Trivalent efficiency

Chromosome size may influence the pairing process and, as shown in this paper and by other experiments conducted in our laboratory, homologue pairing seems to progress more quickly in shorter chromosomes than in longer ones during human female meiosis (Table 2; Garcia et al. data not published). This fact was also observed in male meiosis of Rattus norvegicus (Scherthan & Schonborn 2001). Nevertheless, some authors have proposed that the double-strand breaks (DSBs) originated at the leptotene stage may help in the homologue pairing process (Moens et al. 1997, Tarsounas et al. 1999) and, as it has been published, longer chromosomes have more DSBs than the shorter ones. Alternatively, DNA content may also influence the homologue pairing process. Chromosomes 13 and 21 are nucleolar organization region (NOR)-bearing chromosomes; thus, as shown to occur during the meiotic prophase of R. norvegicus (Martínez-Flores et al. 2003), they may interact with the nucleolus during meiotic prophase. This event, which cannot occur in chromosome 18, may make the pairing process of the 13 and 21 homologues more difficult and therefore decrease the efficiency of trivalent 13 and 21 formation when compared with that of trivalent 18. Surprisingly, these pairing efficiency differences have not been detected in euploid oocytes (Table 2, and Roig et al. 2005a), implying that the pairing process for chromosomes 13, 18, and 21 is efficient enough to guarantee the formation of at least a bivalent at the pachytene stage.

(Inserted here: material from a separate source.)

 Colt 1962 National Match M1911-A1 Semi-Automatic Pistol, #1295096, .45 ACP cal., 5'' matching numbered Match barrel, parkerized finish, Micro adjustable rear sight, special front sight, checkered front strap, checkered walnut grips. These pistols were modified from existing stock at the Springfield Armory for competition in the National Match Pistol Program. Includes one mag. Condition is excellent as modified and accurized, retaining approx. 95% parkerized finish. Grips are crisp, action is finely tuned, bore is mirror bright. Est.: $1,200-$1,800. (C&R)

Results found in trisomic 13 and 21 oocytes, as well as those already published for trisomic 18 oocytes, indicate that the trivalent formed at the pachytene stage is maintained until the diplotene stage. This finding is linked to the fact that the three homologues recombine among themselves, most likely two by two. Moreover, this process implies the existence of at least two recombination events among the three homologues in order to keep them together until the diplotene stage. Finding two recombination points in a trivalent 21 is a significant increase in the recombination rate observed for bivalent 21 in euploid oocytes by Tease et al.(2002) and agrees with the preliminary observations performed in our laboratory (Robles and Garcia). Thus, it seems that recombination events may adapt to the number of chromosomes synapsed. Alternatively, as proposed recently (Borner et al. 2004), crossover designation is established early in meiotic prophase when homologues start pairing; thus, we believe, in the case of the trisomic 21 oocytes, the three homologue 21s may contact only two by two; therefore, two crossovers are designated for trivalent 21.

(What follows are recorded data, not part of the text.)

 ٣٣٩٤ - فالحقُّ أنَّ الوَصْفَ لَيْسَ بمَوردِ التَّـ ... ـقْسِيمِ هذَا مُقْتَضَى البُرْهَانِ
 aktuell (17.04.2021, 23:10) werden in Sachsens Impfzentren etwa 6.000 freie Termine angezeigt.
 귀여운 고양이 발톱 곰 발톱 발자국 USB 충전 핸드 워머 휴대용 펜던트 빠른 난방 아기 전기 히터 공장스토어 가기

Nonhomologous synapsis has been reported to occur in trisomic 21 oocytes (Barlow et al. 2002). Nevertheless, we have not observed any indication of this happening in our samples. Similarly, one of the first cytological analyses of trisomic 21 oocytes (Speed 1984) reported that only a small fraction of the pachytene-stage oocytes presented a full triple synapsis of the chromosome 21s. These data are in disagreement with our findings, possibly related to different factors. First, the technical approaches used in the mentioned studies are different from those used here. Moreover, in this study, the number of oocytes analyzed is significantly higher than those reported in the other studies. Secondly, a high variability between samples concerning synaptic configurations achieved by the three chromosome 21s has been observed in previous studies (Barlow et al. 2002) and here (data not shown). This fact would be in agreement with other studies focused in the recombination process, suggesting the existence of a high variability between samples in humans (Lenzi et al. 2005).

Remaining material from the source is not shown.